В «Обломове» Гончаров перечислил, очевидно, лишь малую часть исполнительского репертуара Аннушки. Несомненно, в запасе у нее было бесчисленное множество не только сказок, но и песен, поговорок, былин. Следует помнить, что Симбирская губерния в XIX века была одна из самых «фольклорных». Известно, что «Собрание народных песен П. В. Киреевского[41]» в значительной его части составляет именно материал, собранный в Симбирской губернии поэтом Н. М. Языковым[42] и его родственниками. Сам Симбирск, население которого в середине XIX века составляло всего двадцать четыре тысячи человек, был городом хотя и губернским, но — в указанном отношении — не потерявшим еще связей с деревенской округой. Достаточно сказать, что большую часть песен семья Языковых собрала в своем собственном доме, от дворовых и крепостных. Такова была фольклорная атмосфера в обычном дворянском доме Симбирска. Такова же она была, очевидно, и в стоящем недалеко от дома Языковых купеческом доме Гончаровых, где главную роль для будущего писателя играла, конечно же, его няня.

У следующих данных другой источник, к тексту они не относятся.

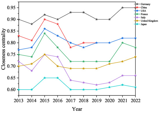 According to Equation (9), the metrics for the top seven countries/regions based on closeness centrality throughout the study period are presented in Figure 6. It is evident that, since 2013, Germany, China, USA, France, Italy, United Kingdom, and Japan have consistently held dominant positions in closeness centrality, highlighting their higher likelihood of transfers with other economies. It is due to their high -transfer efficiency with other economies that these countries are important drivers for the implementation of carbon-emission-control and -management policies.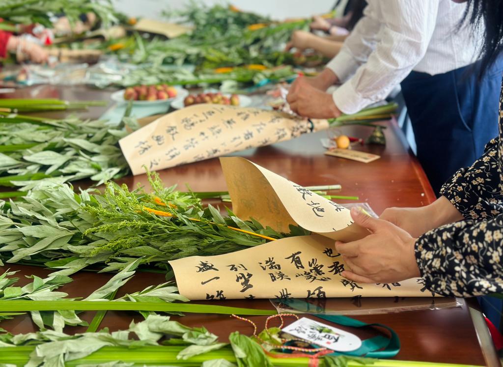 营销与物流管理学院开展“老青共话,艾香端午”主题活动。校工会、离退休工作处、学院相关领导,退休教师代表,学院教师代表参加活动。活动分为“端午节知识竞猜”“DIY艾草花束制作”两个环节。竞猜题目涵盖了传统习俗、古诗词等内容。制作环节,老师们化身花艺匠人,DIY艾草花束,现场氛围其乐融融。民盟盟员、退休教师吴志华教授通过《感恩》《情粽》两幅书法作品表达了对师生们的节日祝福。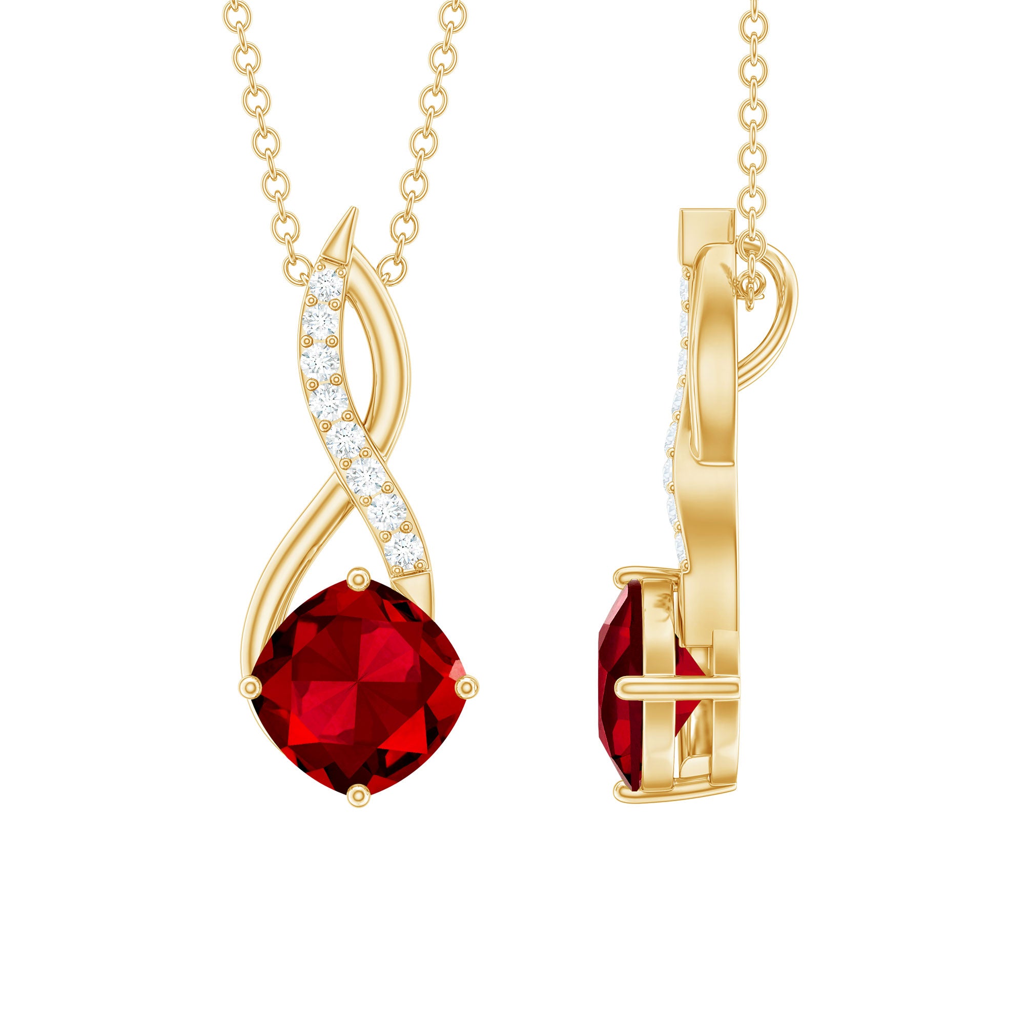 Cushion Cut Created Ruby Solitaire Infinity Pendant with Diamond

Любопытно, что в «Собрании народных песен П. В. Киреевского» наличествуют былинные сюжеты, входившие в репертуар нянюшки Ильи Обломова. Былины, очевидно, были весьма широко распространены в поволжской устной традиции, что и отметил в своем романе невольно Гончаров. Любопытно и другое: собрание П. В. Киреевского десятью выпусками публиковалось с 1860 по 1874 год, то есть гораздо позже выхода в свет «Сна Обломова». Тогда откуда же Гончарову были известны еще в 1840-х годах сюжеты былин об Илье Муромце и других богатырях? Почти наверное можно сказать, что источник указан в «Сне Обломова» самим писателем: это его нянюшка Анна Михайловна. Кстати, в собрание П. В. Киреевского вошли поволжские былины о тех богатырях, которых узнал по няниным рассказам Илюша Обломов: это былины об Илье Муромце, Добрыне Никитиче, Алеше Поповиче… Очень близок эпику Гончарову оказался жанр былины. Особенно дорога писателю, судя по роману «Обломов», былина об Илье Муромце. Недаром и своего героя он назвал Ильей. Только в изображении автора «Обломова» Илья Ильич — богатырь, просидевший на печи всю жизнь, да так и не успевший совершить никаких подвигов.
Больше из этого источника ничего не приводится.